Review
While I don't have the literary skills of snowleopard, Pertinax or gentle lemur I will give you my impressions of Crocosaurus Cove following a visit there last week. As a zoo owner as well as an afficionado, my impressions may be a bit slanted to the business side of things - but, make of them what you will.
Firstly, the place cost squillions of dollars to build. It has a fantastic site right in Mitchell Street which is Darwin's "Eat Street". It is on a huge block of land with three road frontages so servicing the facility can be done from the rear. Everything is brand spanking new and no expense has been spared. The water pumping and treatment plant is so impressive that it has it's own viewing areas and descriptive signage! The two storey building has been purpose built for this attraction and that caused the first of my little niggles. If this attraction goes belly up there is absolutely nothing else that you could use the building for.
Will it go belly up? I hope not but to me it seems wildly over capitalised. And it will have a fairly limited source of customers. At $28 per adult entry the backpackers are not embracing it - and they are Darwin's volume tourists. It should appeal to the casino goers and those among us who's vocabulary is based on the words "wow" and "awesome"!
Because it has been built for the wow factor impact. It is spotless, it is airconditioned, it features stainless steel and mock rock everywhere and it's stock has been carefully chosen. Huge crocs, a white croc, a deep aquarium pool with huge Barramundi, hundreds of baby crocs and a very impressive snake and lizard collection.
It is well designed to elicit wows. There is a short tunnell where you can walk underneath a couple of crocs, including the white one. For an extra fee you can be lowered into one of the croc ponds in a safety cage. They even have a swimming pool where, again for an extra fee, you can go for a dip with a massive saurian. Well you don't actually dip WITH it. There is a 145mm triple layer polymer wall between you and the croc and another one on the outside of the pool but they won't show up in the photos!
There is an airconditioned crocodile interpretive room which is very nice but, I felt, a bit shallow in it's approach to the subject. The one at Crocodylus Park was not as flash but it covered the subject in much greater detail.

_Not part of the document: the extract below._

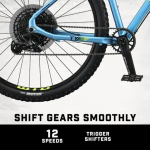 - 12-speed drivetrain with trigger shifters brings smooth gear changes to daring rides.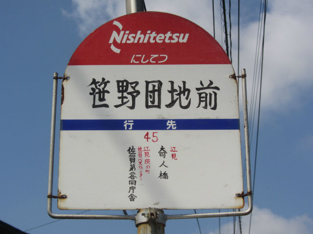 以前は行灯式だった停名標が、鉄板式に変わり、佐賀地区ではお馴染みの手書き文字になっています。この文字は鳥栖支社管内でしかみなかったので、てっきり鳥栖営業所の人がやっているものだろうと思ったのですが、こちらは佐賀本社管内なので、必ずしもそういうわけではないようです。

The reptile collection was amazing and city people would love it. Carpeted floors [a bit like the Kyabram Fauna Park reptile house but about three times bigger], airconditioned, very good graphics and a superb collection of reptiles including a couple of the now mandatory albinos. [Olive and carpet pythons]. My main niggle with it is that I just don't like to see big monitors in glass cabinets but that's a personal thing. MARK will probably be on the plane tomorrow because they had the most comprehensive collection of geckos that I've seen on display anywhere!
So you won't visit Crocosaurus Cove to commune with nature - but you can do that at Crocodylus Park or the Territory Wildlife Park. To date, those Parks report that the new attraction has not affected their visitation figures at all. And I believe them. Crocodylus Park was running four croc shows a day when we were there and averaging about 80 people at a time. Crocosaurus Cove ran one which attracted 40 people.
What happens if this venture does not succeed? Well don't write it off too soon. A major shareholder is Mick Burns who owns the Darwin Croc Farm. The croc farm is now closed as a tourist attraction but it's farming income will certainly underpin the Crocosaurus Cove business. Mick is a pretty robust businessman and I heard [not from him] that there are plans for a nightclub among the crocs to liven things up a bit should business be a bit slow. The mind boggles!
Some of the other people involved with it are no lightweights either. They include Dr Adam Britton and his wife as well as Dr Gavin Bedford.
I wouldn't recommend that you make a special trip to Darwin to see Crocosaurus Cove [your visit will take about one hour] but if you are going to Darwin for any other reason then don't miss it.